Well - fuck this! This is unacceptable. Fuck this "C is the only choice if you want the best performance" type of thinking. I want JavaScript to win this. Not because I like JavaScript, oh it can be terrible. I want JavaScript to win this because I want to be able to use a higher level language without worrying about performance."
ice:
"As far as I'm concerned, JavaScript is not the best code for anything except pushing code to the browser."
We are in 100% agreement then.
Sure, technically (i.e. by creating a language using a lexer+aprser and some primitives in asm), any language could be used for any purpose. The reason I said what I said about JavaScript being limited is that it was not designed that way, i.e. to do anything. It was as you state, designed to run in a web browser. I would love to use JavaScript from, e.g. the command prompt, outside of a browser, but it has never been easy to do that without pretending you are running a web browser (learning DOM an so forth). The language is designed for a browser. Is that a limitation? To me, yes.
C does not have that sort of limitation. That's all I'm saying. And C works for many purposes right now - my OS has a vast library of C functions to do all manner of things low and high level. And that's without even looking at other huge repositories on the web. Compare this with mere "theoretical" capabilities, e.g. ideas like "low level JavaScript".
I told you why I like C and why I see JavaScript as limited. Not to contradict anything you said, but to explain where I'm coming from. Maybe I would like JavaScript even more than C, if I explored it more fully, but there's no way I'll like it more when it is so limited in what it can do (practically, not theoretically). I approach computer languages from a practical standpoint. I ask myself what can I do if I learn this language? I concluded that for me, C opens more doors, many more doors, than JavaScript. Some people know both. But I'm not that smart. I have to choose.
If I was smart, I'd learn many languages. But I have to work with a smaller set of knowledge.
Given that I have to choose, truthfully, if I had my preference, I'd choose FORTH and devote all my effort to learning and writing in FORTH. Technically anything is possible using FORTH. So what? By focusing only on FORTH I would be losing all the leverage that people's work with C can offer. There is only so much I, with my limited smarts, could accomplish.
Certainly you can understand my position a little, can't you? Why do so many people love Perl and Python? If we took away all the libaries (=enablement, empowerment) would they still love them as much? For what I want to do (i.e. potentially anything, from booting to browsing), C gives me ample enablement and empowerment. Self-hosting JavaScript doesn't.
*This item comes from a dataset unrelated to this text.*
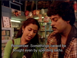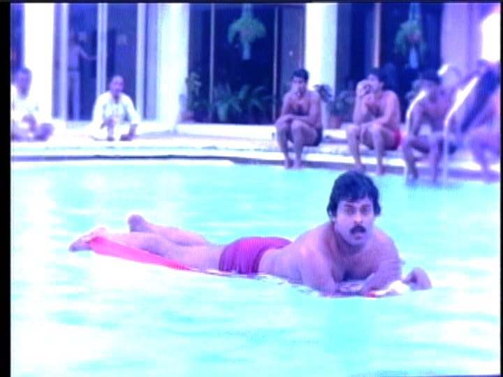 Charan goes off the rails due to the influence of vampy Hamsa (Silk Smitha). Only Chiru could make Charan watchable as he broods, rants and sooks over why his daddy doesn’t love him and then commits crimes as a cry for attention.  Showing that she is smarter than most people in the film, Swetha finds Charan’s hideout and dobs him in to the police. He kidnaps her in a dramatic getaway and their forced proximity accelerates the already budding love.

And if someone writes a BIOS for ARM scriptable in JavaScript, but they write some part of it in C, well, I'm still going to want to learn C before JavaScript. That's just how I think.
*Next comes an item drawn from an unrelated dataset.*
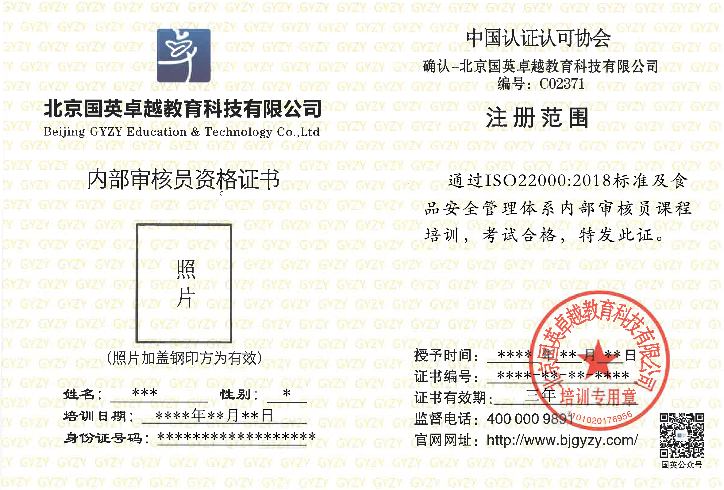 | 內(nèi)審員證書 |

I don't think those excerpts show any attack on C, he just doesn't like that he can't use higher level languages without sacrificing performance. Which is a position that you may disagree with, but I don't think it's an attack on C.
would love to use JavaScript from, e.g. the command prompt, outside of a browser, but it has never been easy to do that without pretending you are running a web browser (learning DOM an so forth). The language is designed for a browser.
I don't think there's anything in the language itself that is designed for the browser; it's just the standard library that is lacking.
The Rhino shell, for example, comes with functions like readFile/2 and runCommand/N which are much more adequate for that kind of programming.
But it's certainly not as useful as C, and I certainly don't use. Though I tend to use Python, not C either (ctypes is awesome).
C does not have that sort of limitation. That's all I'm saying. And C works for many purposes right now - my OS has a vast library of C functions to do all manner of things low and high level. And that's without even looking at other huge repositories on the web. Compare this with mere "theoretical" capabilities, e.g. ideas like "low level JavaScript".
Running JS on bare metal is, at the moment, a pipe dream, though.
Certainly you can understand my position a little, can't you? Why do so many people love Perl and Python? If we took away all the libaries (=enablement, empowerment) would they still love them as much? For what I want to do (i.e. potentially anything, from booting to browsing), C gives me ample enablement and empowerment. Self-hosting JavaScript doesn't. And if someone writes a BIOS for ARM scriptable in JavaScript, but they write some part of it in C, well, I'm still going to want to learn C before JavaScript. That's just how I think.
Sure, I can understand your position perfectly. I just don't think your portrayal of the article was fair to the author, that's all.
Please stop with the X higher level language can be faster than C unless you can challenge the limitations imposed by the laws of physics. Not which compiler is better. I can always find a better or worse C or JS compiler/JITter so that proves nothing.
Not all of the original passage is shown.